Finally, the influence of the density and viscosity of the samples on the performance of the nebulizer was analyzed and the results are shown in

Table 4. Performance of the ultrasonic nebulizer based on the discharge rate (DR) and the nebulization efficiency (NE) for liposomes before (Fresh) and after lyophilization with sucrose (S), trehalose (T), or the mixture (S + T).

Nebulizer Performance
Liposomes		DR (mL/min)	NE (%)	η (mm2/s)	ρ (g/mL)
Without Vit E TPGS	Fresh	0.21 ± 0.01	50.51 ± 2.47	1.13 ± 0.04	1.01 ± 0.01
	S	0.17 ± 0.01	65.19 ± 2.98	1.27 ± 0.03	1.02 ± 0.01
	T	0.19 ± 0.02	75.22 ± 6.08	1.24 ± 0.01	1.01 ± 0.01
	S + T	0.19 ± 0.02	68.00 ± 2.48	1.27 ± 0.01	1.02 ± 0.01
With Vit E TPGS	Fresh	0.20 ± 0.01	50.87 ± 1.90	1.18 ± 0.06	1.01 ± 0.01
	S	0.16 ± 0.02	76.99 ± 2.69	1.30 ± 0.04	1.02 ± 0.01
	T	0.18 ± 0.01	78.41 ± 0.22	1.28 ± 0.03	1.00 ± 0.00
	S + T	0.16 ± 0.01	81.24 ± 2.12	1.26 ± 0.04	1.02 ± 0.01

. It was found that the addition of the lyoprotective agent did not modify the density of the liposome suspensions, but it did increase viscosity in all cases. The viscosity values after the addition of 4% sucrose, trehalose, or sucrose and trehalose were higher (η = 1.24 ± 0.01 mm²/s) than those observed for the samples without the additives (η = 1.15 ± 0.05 mm²/s), the differences being statistically significant (p = 0.0052).

The viscosity of the samples did affect nebulizer performance. A higher DR coupled with a lower NE was observed for samples with a lower viscosity (fresh liposomes without additives) as compared to those with a higher viscosity (lyophilized liposomes with sucrose, trehalose, or sucrose and trehalose). Statistical differences among samples were only found for NE (p = 0.0126).

4. Discussion

SC-loaded liposomes composed of natural phospholipids (EPC and Ch), with or without Vit E TPGS, were prepared using a procedure that guarantees the absence of unwanted residues and the avoidance of organic solvents. In contrast, most reported methods use organic solvents to obtain liposomes, which are then sonicated to reduce and homogenize their size. We have found that the first step, consisting of dissolving the lipids in an organic solvent and its subsequent evaporation, is not necessary for obtaining liposomes with a high PDI. Direct sonication of the components allowed us to obtain liposomes loaded with different drugs showing different Dh and PDI [39,41,42]. In the present study, liposomes with high PDI were obtained, and extrusion is recommended to reduce size polydispersity. Since optimization of the liposome drug loading was the main objective of this work, extrusion was not carried out. The EE% of the liposomes was significantly increased by applying a transmembrane pH gradient (see Table 1 in Results). The marked influence of pH on sildenafil solubility facilitates the accumulation of the drug in the liposomal acidic core, leading to optimum EE% values.
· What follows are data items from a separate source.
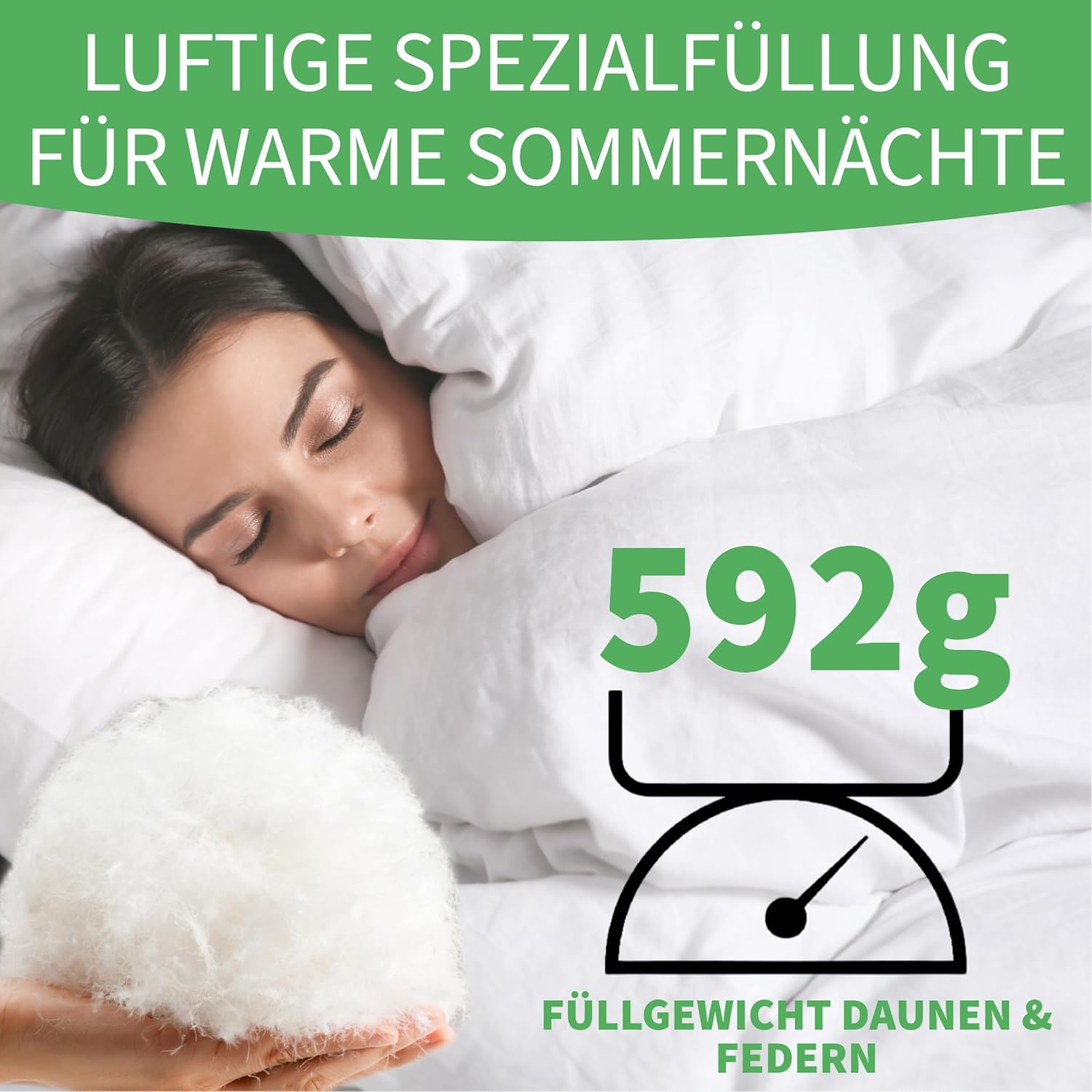 Завивка Welldora Comfort 220 x 240 см, лятна, 100% екстра меки пера и пух, тествана от специалисти, Oeko-Tex, за хора с алергии, сертифицирана за хуманно отношение към животните, тънка и лека лятна завивка 220 x 240 см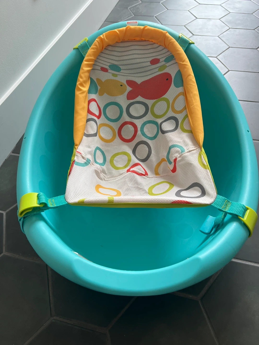 853 stage bathtub grows with baby from newborn to toddler. Stage 1 - infant sling comfortably cradles little one at a gentle recline, in just the right amount of water. Stage 2 - the sling easily adjusts to provide the right amount of support for older babies to sit more upright, while still helping to prevent slipping and sliding in the tub. Stage 3 - remove the sling for toddler tub time. Plenty of room for a toddler to sit and play. The sling converts to a mesh pocket storage bag to dry and store tub toys. Sling is machine washable. And the tub is in great condition. Has a drain plug for quick and easy drain and dry.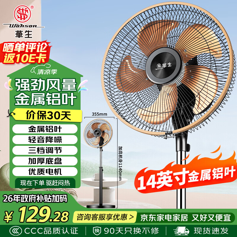 华生(Wahson)电风扇/落地扇/金属铝叶风扇/低噪大风量宿舍办公扇商务家用省电立式电扇FS-D1403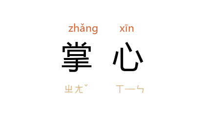 ⒈ 手心。 北齐 颜之推 《颜氏家训·勉学》:“齐孝昭帝 侍 娄太后 疾,容色顦悴,服膳减损。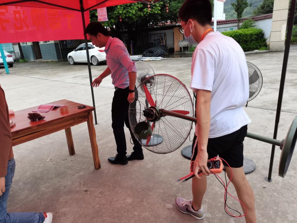 此次活动主要包括检测维修村民送来的家电和进村向村民宣传家庭用电常识,检查家里插座插排,提醒安全用电,防范火灾。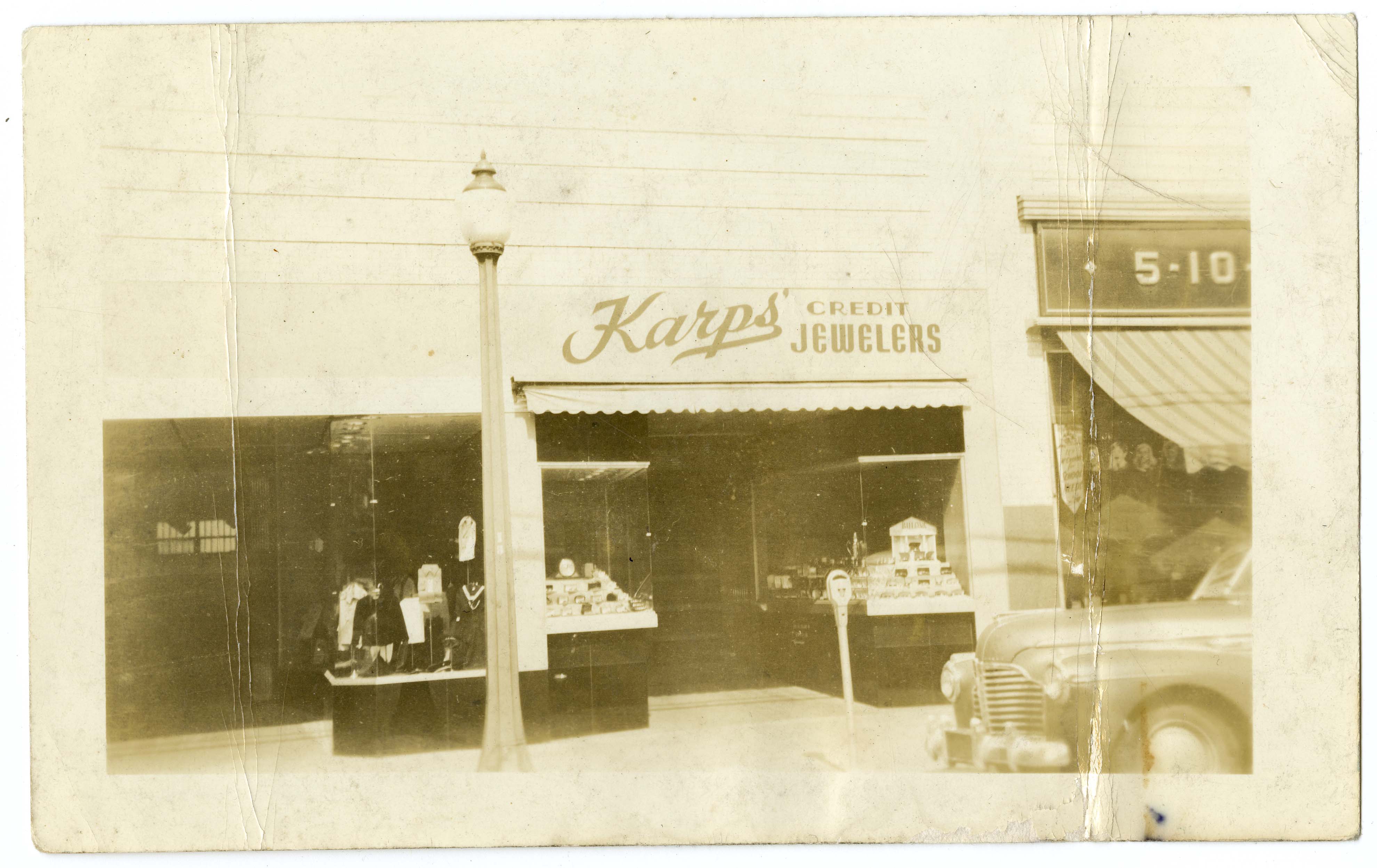 Sepia toned photograph of the storefront of Karp’s Jewelry Store in Tarentum, Pa. Date 1940s Identifier MSS_1100_B001_F010_I01 Collection Karp Family Papers and Photograph Source Rauh Jewish Archives at the Heinz History Center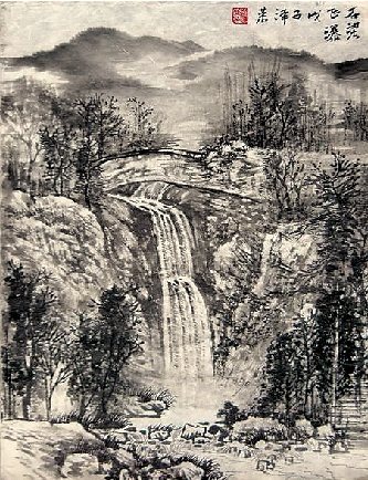 山水畫(huà)是畫(huà)家主觀(guān)精神訴求的流露。劉澤榮對山水情有獨鐘,經(jīng)常約三五好友登山臨水,揮毫寫(xiě)生。他走遍了祖國的名山大川,領(lǐng)略和體悟山川的壯麗秀美及無(wú)限神韻。為了尋找山川的內涵和感覺(jué)、各種山石的形成及特色,他 “搜盡奇峰打草稿,在大量寫(xiě)生中汲取營(yíng)養、認識創(chuàng )作規律。因此,劉澤榮的山水畫(huà)卷,讓人大有登山則情滿(mǎn)于山,觀(guān)海則情溢于海之感。那草那樹(shù),都被賦予了勃勃生機;山的巍峨壯觀(guān)、水的清澈激越、云的輕柔飄逸、霧的亦夢(mèng)亦幻、草的昂然臨風(fēng)、樹(shù)的蔥郁蒼勁,都幻化在了審美的意境之中。他的山水畫(huà)從傳統中來(lái),卻又明顯印上了現代烙痕。劉澤榮深諳外師造化,中得心源的畫(huà)理,對中國傳統山水畫(huà)進(jìn)行了耐心的建構。他的山水畫(huà)中,重巒疊嶂,逶迤連綿,溪流、瀑布、水潭明通暗連,更兼煙云繚繞,樹(shù)木蔥郁,表現出渾然天成、生機無(wú)限的趣味和空?幽靜的禪意。其畫(huà)面和用筆,至詳至悉,其布景繁簡(jiǎn)共容、疏密得體。山水畫(huà)已成為他表達思想感情的藝術(shù)符號,山水的精神氣韻已滲透到主體的生命之中。于是,那些雄壯奇美、平衡穩健的畫(huà)面,以一種排山倒海般的力量撲面而來(lái),給人們一種強烈的視覺(jué)沖擊力。他堅守著(zhù)自己的繪畫(huà)語(yǔ)言,不斷完善繪畫(huà)圖式,很好地印證了石濤法自我立的名言。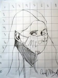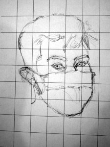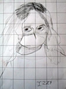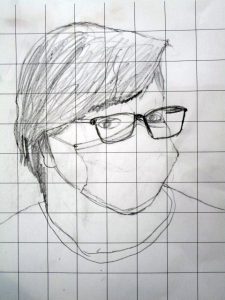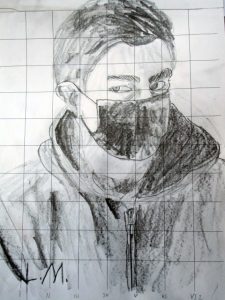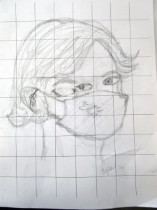 Our brains tend to make big deals out of very small things – like facial features. For the next few weeks we’ll be working on our self portraits. This week we used a grid to practice getting things to scale. Young artists often make giant eyes high up on the head because they have strong and persistent imagery in their big brains. The grid helps reign in those false perceptions while getting the artists to face facts about just how delicate and nuanced eyes, noses and mouths really are, how sometimes all they need is a little shadow to make them appear. The reason why our mask-optional poses are at 45 degrees is that I have found that automatically making faces straight forward is another default habit that we hope to break by trusting what our eyes see, not what our brain thinks. Enjoy the kids’ grids, and scroll down for the class schedule.

The separation of the liposomes by centrifugation allowed us to determine that approximately 8% of the drug solution volume was retained in the liposome core. Therefore, only about 8% of the drug is trapped inside the water core, as long as an active loading is not achieved. Since SC solubility at pH = 3 has been reported to be 6.96 mg/mL [40], and a 1 mg/mL dissolution was used in the present study, approximately 56% (0.08 × 6.96 = 0.56) of the drug is expected to be trapped inside the aqueous core using pH gradient active loading. The EE% values obtained here (>80%) support this hypothesis and confirm that SC is also trapped in the lipid bilayer due to the favorable partition coefficient of its unionized species.

Although lyophilization has been proposed as the best approach for ensuring the long-term stability of liposomes, many factors should be controlled in order to obtain an acceptable level of encapsulated drug retention after lyophilization [43]. In the present study, sucrose, trehalose, or their mixture were used as lyoprotective agents, and differences among the samples containing these agents were not found when rehydrated samples were compared. Excellent results were obtained regarding SC retention in the liposomes after lyophilization, and EE% values above 88% were found in all cases, irrespective of the lyoprotectant agent used or if the liposomes contained Vit E TPGS or not. In contrast, Dh significantly increased after lyophilization, and the liposomes containing Vit E TPGS and lyophilized with the mixture exhibited the highest Dh and PDI values (688.4 nm, PDI = 0.682). The zeta potential was also affected by lyophilization, likely due to the negative charge of disaccharides.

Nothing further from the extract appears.